It seems that many of the UK pensioners are facing greater financial hardships as they get older, a new study has revealed.
The report states that pensioners are suffering from the growing costs throughout retirement. It seems that during retirement, those in their 60’s are still active and require high levels of income, whereas those in their 70’s are less active, so their income needs drop. Then as they approach their 80’s and 90’s, more pensioners face disability, widowhood or the need for some sort of long term care. These factors are contributing to growing costs in later years, but pension income does not directly consider the health of pensioners in later years and the dependency on a pension.
The government has pledged to increase state pensions in line with rising earnings, but second pensions and private pensions are more likely to increase with inflation, which is lower.
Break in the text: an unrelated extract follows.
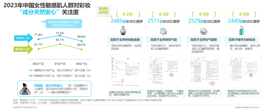 敏感肌人群相对健康肌人群对彩妆产品的要求更高,花西子相关测评产品成分天然、温和不刺激,通过第三方检测机构及用户测评数据结果显示敏感肌适用度高。

The Pensions Policy Institution (PPI) has said that pensioners will need a range of assets with which to draw funds from in later life and to support additional living expenses.
Age Concern have voiced their opinion and have said that the government cannot ignore the ‘ageing society and the financial cost of people living longer’. Age Concern have said that the main problems are with a ‘crumbling social care system’ and the need for a cash injection of around £1 billion and a long hard look at radical and long term reforms.
Simon Webb, Liberal Democrat spokesman for pensions and work has stated that the basic state pension really is far too little for any of the millions of pensioners to live off. There are calls for more generous and universal pensions based on citizenship – which would apparently give pensioners enough to live on, regardless of age.
Another option for pensioners is early pension release of personal or company pension and re-investing the money in a higher interest account, providing financial security in later life.